A Role for Integrin-linked Kinase In Oligodendrocyte Mediated Myelination of the Central Nervous System

Abstract

The interplay between oligodendrocyte (OL) and extracellular matrix (ECM) is critical to the proper maturation of this unique cell type. Recent work has established the β1 integrin-signaling pathway, a mediator for ECM/OL interactions, as an essential component of myelin sheath formation in the central nervous system (CNS). A major downstream effector of β1 integrin is integrin-linked kinase (ILK), an adaptor and structural platform protein. Herein, we (1) generated a model system to study ILK in vivo and (2) employed the model to elucidate ILK’s role in regulating OL biology.
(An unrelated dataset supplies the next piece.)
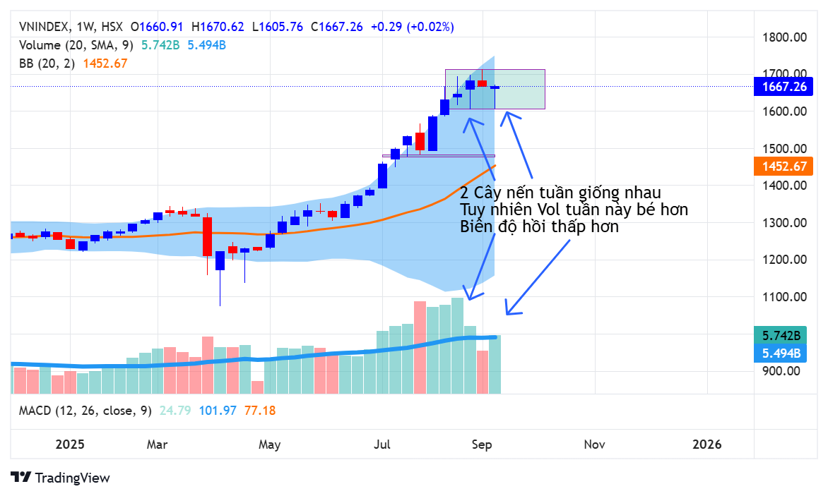 Nhìn vào nến tuần thì chúng ta thấy nến tuần này rất giống với tuần 25 tháng 8. Có một cây nên rút chân lên mạnh ở 1600. Tuy nhiên thanh khoản của tuần này lại thấp hơn thanh khoản của tuần 25 tháng 8 và biên đồ hồi lên tư hỗ trợ cũng yếu hơn. Đây không phải là một tín hiệu tích cực cho nến tuần này. Điểm mà sẽ kiến mỏi người mang hàng ra bán là khi thủng 1600 mạnh, và lúc đó chúng ta sẽ thấy áp lực bán mạnh và có thể margin call nhẹ trên TT.

To assess the importance of ILK in OL-mediated myelination, we ablated ILK in primary OLs. ILK loss delayed morphological maturation and led to filamentous actin accumulation in the processes and cell body. Further, we noted an upregulation in RhoA activity, with pathway inhibition rescuing an OL subset. We next moved our studies in vivo. First, we assessed the proteolipid protein promoter’s utility as OL-specific Cre driver. Protocols established, we generated an ILK conditional knockout line (Ilk cKO). Ultrastructural analysis of Ilk cKO optic nerves revealed increased number of amyelinated nerve fibers at P14 with subsequent recovery by P28. The observed transient defects were due neither to a loss nor a gain in total number of mature or progenitor OLs. To rationalize recovery, we grew ILK-depleted OLs on an “inert” substrate. Here, while morphology improved, ILK-depleted OLs were characterized by enlarged and sluggish growth cones as well as microtubule disorganization. Taken together, our data suggests a role for ILK in regulating the morphological maturation of OLs both in vitro and in vivo, the loss of which results in defective OL branching and membrane formation with phenotype and subsequent recovery dependent upon niche complexity.